I love these but I not knit. I hope someone knows how to change this to crochet.
Learning to knit is my first New Years resolution. I still have a few months before I have to confirm my resolution.


----------



## Jeannie2009 (Mar 8, 2013)

Merlene, congratulations on that decision. I recently decided to try to knit socks. Doing it now. There is so much help here that you will succeed. Just ask questions. Also you tube has so many detailed photos and videos of how to do anything. And you can watch it over and over if necessary like I did when trying to learn to do short rows and wraps. Dang I never even knew these type stitches existed.
Good luck.


----------



## Pumpkin007 (Jan 2, 2013)

Thanks!


----------



## Merlene (Apr 15, 2013)

Thanks, this gives me encouragement. I want to really start right away. I am working on a crochet project right now but i could start anyway.

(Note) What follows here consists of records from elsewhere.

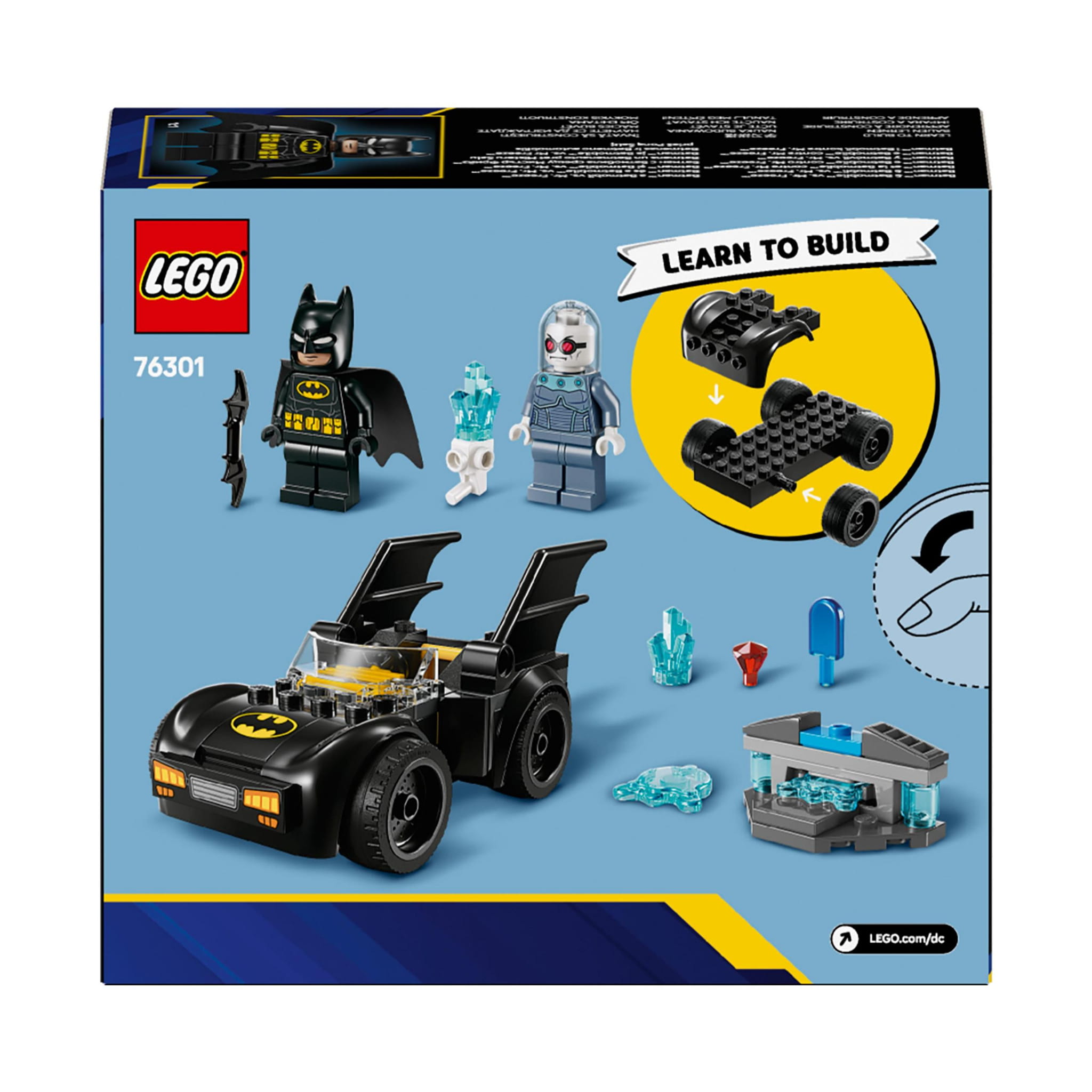 Zestaw zawiera minifigurki Mr. Freeze’a i Batmana, a także Batmobil do zbudowania, w którym jest miejsce na minifigurkę Batmana.
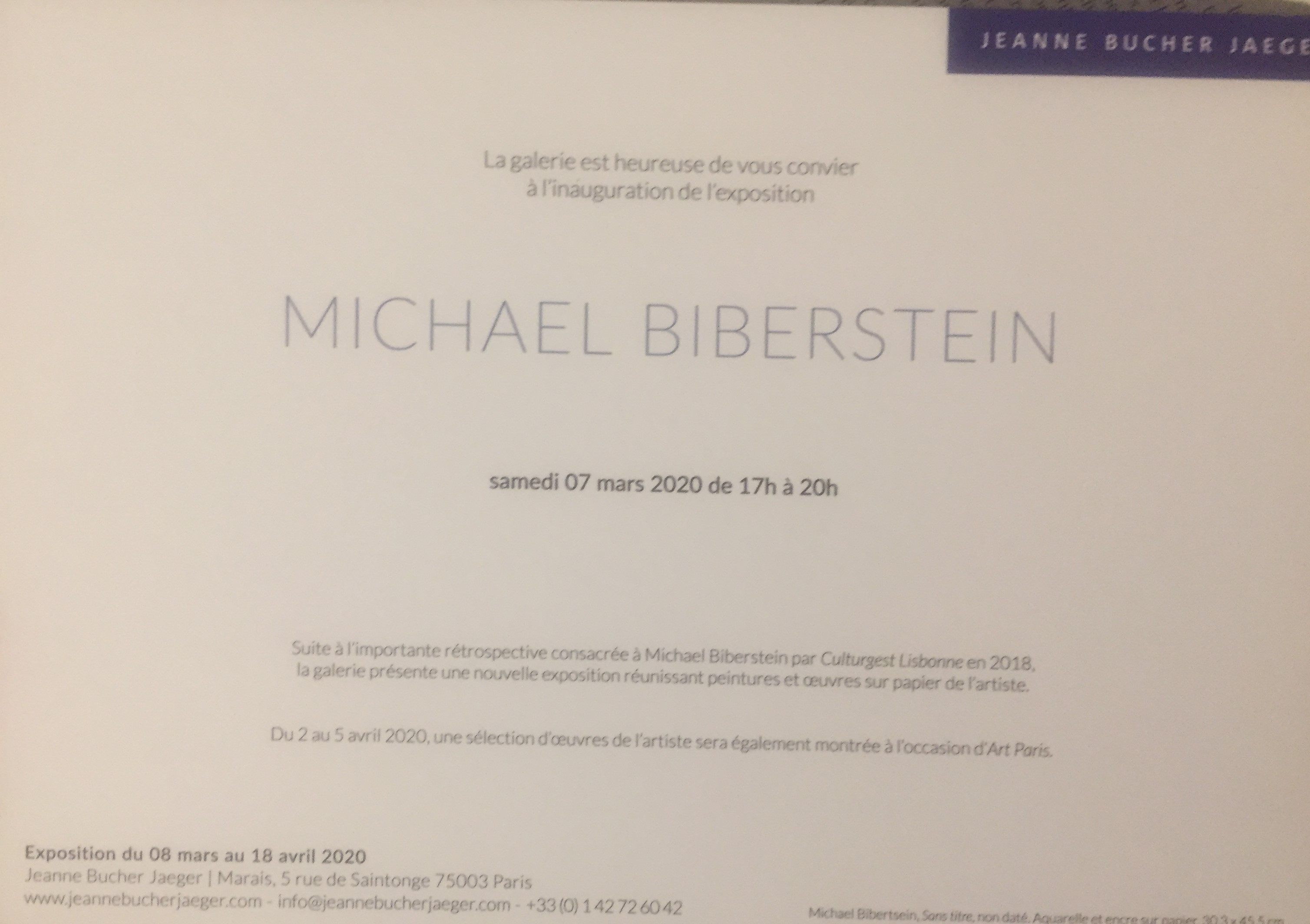 Galerie Jeanne Bucher Jaeger exposition Michael Biberstein _ 8 Mars au 18 Avril 2020
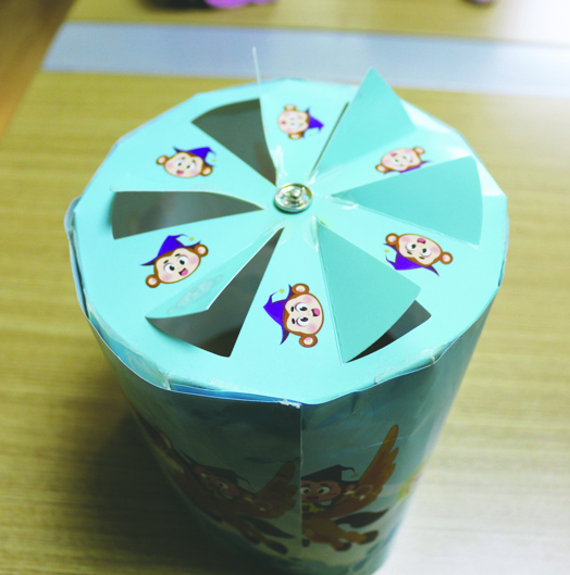 1.准备一张圆形的硬壳纸,在上面均匀地刻出小口,折出一个小风轮,并在风轮中心处钻一个小洞,用按扣扣住;(按扣带有凹洞的一面在下方)
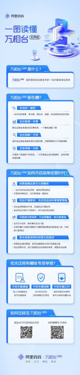 比如在万相台无界版,各个渠道的账号与资金的统一,实现最大化串联产品。此外,万相台无界版整合店铺全渠道投放效果报表,提高全店投放的效率和直观性。对于这点我深有体会,从5个人看5个后台,到1个人即可掌控,这是平台升级带来的组织升级。

Thanks again for your encouragement.


----------



## SouthernGirl (Dec 28, 2011)

Cute flowers.


----------



## knitterlin (May 31, 2012)

Thanks! I'd love to knit some up and make a necklace.


----------



## TLL (Jul 15, 2012)

Thank you!!!


----------



## Persian Cat (Apr 9, 2012)

Thank you I too have been looking for a pattern like this !


----------



## bigalbigal3 (Mar 15, 2011)

thanks


----------



## Ky Girl (Sep 6, 2013)

Thank Y have been looking for a pattern...
They are Beautiful .....

Ky Girl


----------



## JulesKnit (Dec 30, 2012)

Thank you!


----------